* **Recorded information**
---

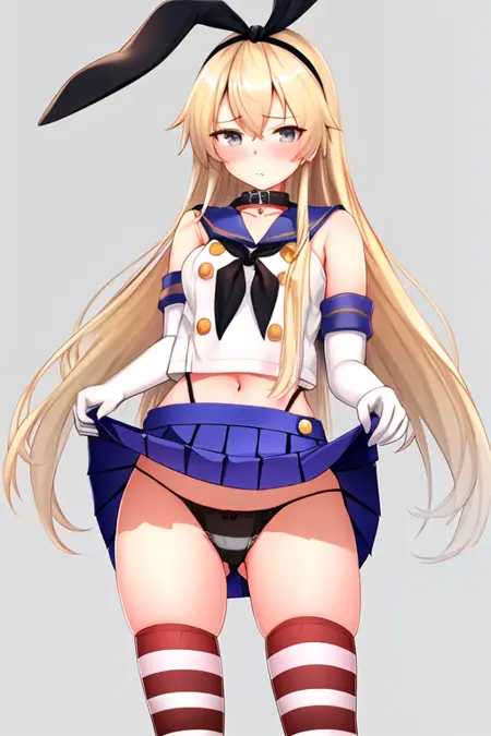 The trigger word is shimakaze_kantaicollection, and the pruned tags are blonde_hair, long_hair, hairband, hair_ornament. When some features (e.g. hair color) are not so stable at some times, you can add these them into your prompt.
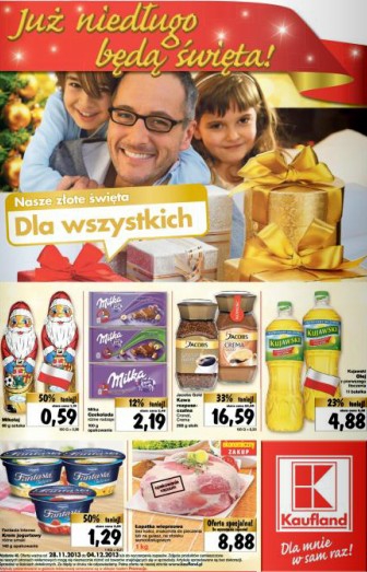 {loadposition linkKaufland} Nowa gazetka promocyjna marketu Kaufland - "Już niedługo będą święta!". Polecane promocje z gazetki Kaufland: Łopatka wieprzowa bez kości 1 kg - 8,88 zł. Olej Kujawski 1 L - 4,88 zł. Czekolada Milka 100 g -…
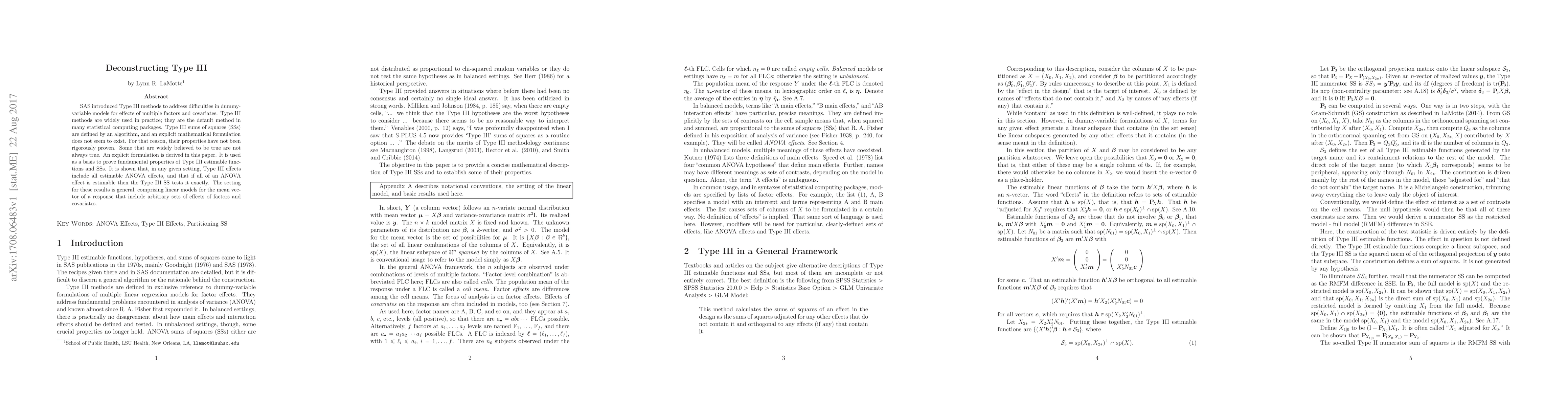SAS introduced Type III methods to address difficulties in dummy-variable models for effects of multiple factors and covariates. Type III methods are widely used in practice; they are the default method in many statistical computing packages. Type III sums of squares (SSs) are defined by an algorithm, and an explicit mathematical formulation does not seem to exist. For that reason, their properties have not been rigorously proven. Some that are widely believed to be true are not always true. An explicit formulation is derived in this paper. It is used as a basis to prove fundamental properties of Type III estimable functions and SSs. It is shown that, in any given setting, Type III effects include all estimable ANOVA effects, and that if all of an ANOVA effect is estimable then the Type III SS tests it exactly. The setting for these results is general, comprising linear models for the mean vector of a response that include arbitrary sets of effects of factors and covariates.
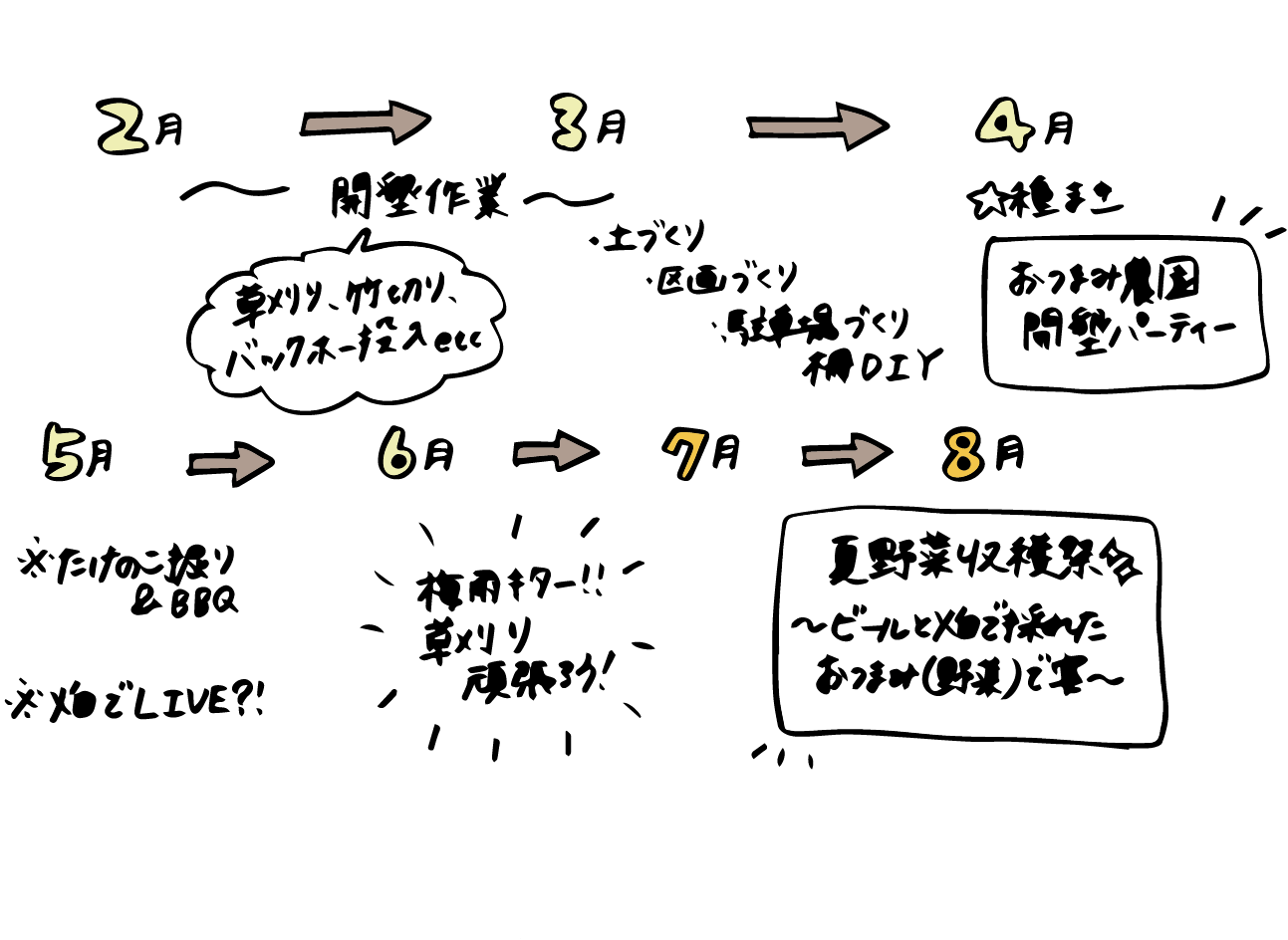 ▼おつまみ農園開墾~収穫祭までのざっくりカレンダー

---

* **Task to complete**
Reprint the listing above verbatim but drop the images.

* **Response area**
 The trigger word is shimakaze_kantaicollection, and the pruned tags are blonde_hair, long_hair, hairband, hair_ornament. When some features (e.g. hair color) are not so stable at some times, you can add these them into your prompt.
 {loadposition linkKaufland} Nowa gazetka promocyjna marketu Kaufland - "Już niedługo będą święta!". Polecane promocje z gazetki Kaufland: Łopatka wieprzowa bez kości 1 kg - 8,88 zł. Olej Kujawski 1 L - 4,88 zł. Czekolada Milka 100 g -…
SAS introduced Type III methods to address difficulties in dummy-variable models for effects of multiple factors and covariates. Type III methods are widely used in practice; they are the default method in many statistical computing packages. Type III sums of squares (SSs) are defined by an algorithm, and an explicit mathematical formulation does not seem to exist. For that reason, their properties have not been rigorously proven. Some that are widely believed to be true are not always true. An explicit formulation is derived in this paper. It is used as a basis to prove fundamental properties of Type III estimable functions and SSs. It is shown that, in any given setting, Type III effects include all estimable ANOVA effects, and that if all of an ANOVA effect is estimable then the Type III SS tests it exactly. The setting for these results is general, comprising linear models for the mean vector of a response that include arbitrary sets of effects of factors and covariates.
 ▼おつまみ農園開墾~収穫祭までのざっくりカレンダー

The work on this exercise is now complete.